German-speaking sociologists generally divide social relations between Gemeinschaft [informal communities and sub-cultures] and Gesellschaft [hierarchical rule and norm-based society]. The Gemeinschaft-Gesellschaft dichotomy helps make sense of how people live together, but it is also problematic because it reduces everyday life’s complexity to a set of predetermined values. For example, the sense of togetherness, which is a subjective feeling that permeates culture, cannot be accurately categorised as a component of either Gemeinschaft or Gesellschaft.

The Gemütlichkeit Projekt examines the cultural meanings and social practises of Austrian Gemütlichkeit [social connection and coziness]. For many Austrians, Gemütlichkeit is a defining characteristic of their culture. Hence a recent Austrian tourism campaign, ‘Gemütlichkeit ist wohl alles zusammen’ [Comfort is being together], is a statement about what makes everyday life in Austria unique. Yet Gemütlichkeit is an abstract relation that cannot be quantified or qualified. So the Projekt will document how Gemütlichkeit exists outside the Gemeinschaft-Gesellschaft dichotomy. And it will explain the ways by which Gemütlichkeit relates to other abstract social practises, such as togetherness, solidarity and community-building. 


Gemutlichkeit in the Time of COVID-19

Research - Planning for the New Normal

After COVID-19, at least for a while, being with other people will be a luxury. Previously, sitting next to a stranger was taken for granted. Now it is a risk.

There is a possibility that social distance will be created by decreasing the size of public spaces — e.g. restaurants, cinemas, event sites, and even public transport. The drop in people per square metre could be 75%, which is so sparse that the company of others may be a frill. There is another possibility that liberal ideas about the division between public and private may be undone. What then remains is an expanded social space that does not have a lot of precedents. Therefore, design will have to break new ground.

In order to maintain social connections, the future will have to be designed for Gemütlichkeit and neighborship. For example, travel to far-off places may become unaffordable. In turn, local venues might have to adapt their programming so people can find calm and comfort closer to home. Some places, such as cafes, could become even more spaced-out, laid-back and salon-like. Similarly, cinemas and restaurants may occupy sprawling outdoor spaces where people can take life in at their leisure. If so, a model for this adaptation already exists in Vienna, where people spend entire days at wine bars in the vineyards that surround the city.

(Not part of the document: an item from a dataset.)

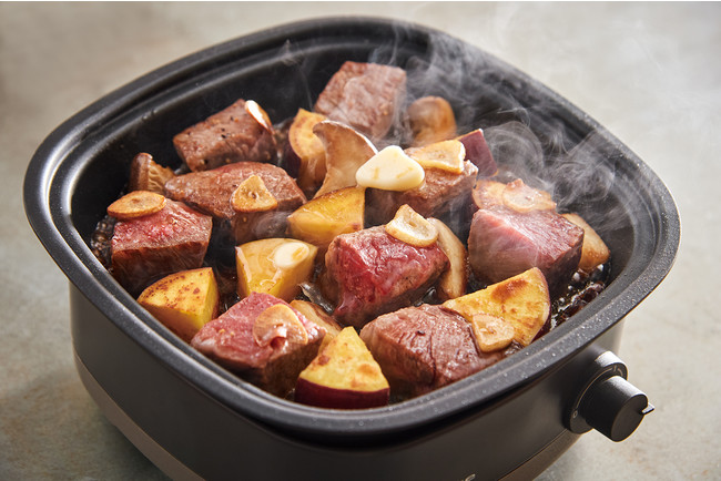 煮る、炊く、蒸す、揚げる、焼くの1台5役はそのままに、四角形状になったことで、食材が並べやすく、混ぜやすくなりました。コンパクトな見た目ながら、普段使いにぴったりの1.3L。白米が2合分炊けるサイズ。「こびりつかない」と、前モデルからも好評のセラミックコーティングを施した「セラミックボウル」は、汚れが落ちやすく割れにくい仕様。また、軽量なのでお皿と同じように洗えてお手入れもカンタンです。付属の「グリルプレート」は、お肉やお魚を焼いても焦げ付きにくいフッ素樹脂加工。手軽に焼肉も楽しめます。料理の一番おいしいタイミングはやはり出来立て。アツアツを食べられる贅沢をテーブルで。

Some of the biggest social changes, especially in North America, are going to be in the home. New designs will have to allow for two opposing trends. The first is the shut-in economy, where people may never leave the house. The other will have to make sure that isolation is not a way of life. And it will be a challenge to balance the two.

In North America, changes in home design should include front porches that create a social transition between public and private. Likewise, towns can make larger social spaces within neighbourhoods by periodically closing roads so as to make way for cultural programming. Or in Europe, conviviality can be promoted by creating more green spaces that allow neighborship to spill out of the household.

Again, there is no alternative. But quarantines are only a meanwhile strategy, and something like normality will return. The question is whether the future will have more or less neighborship. As Camus (1960) says in The Plague, “It may seem a ridiculous idea, but the only way to fight the plague is with decency” (125).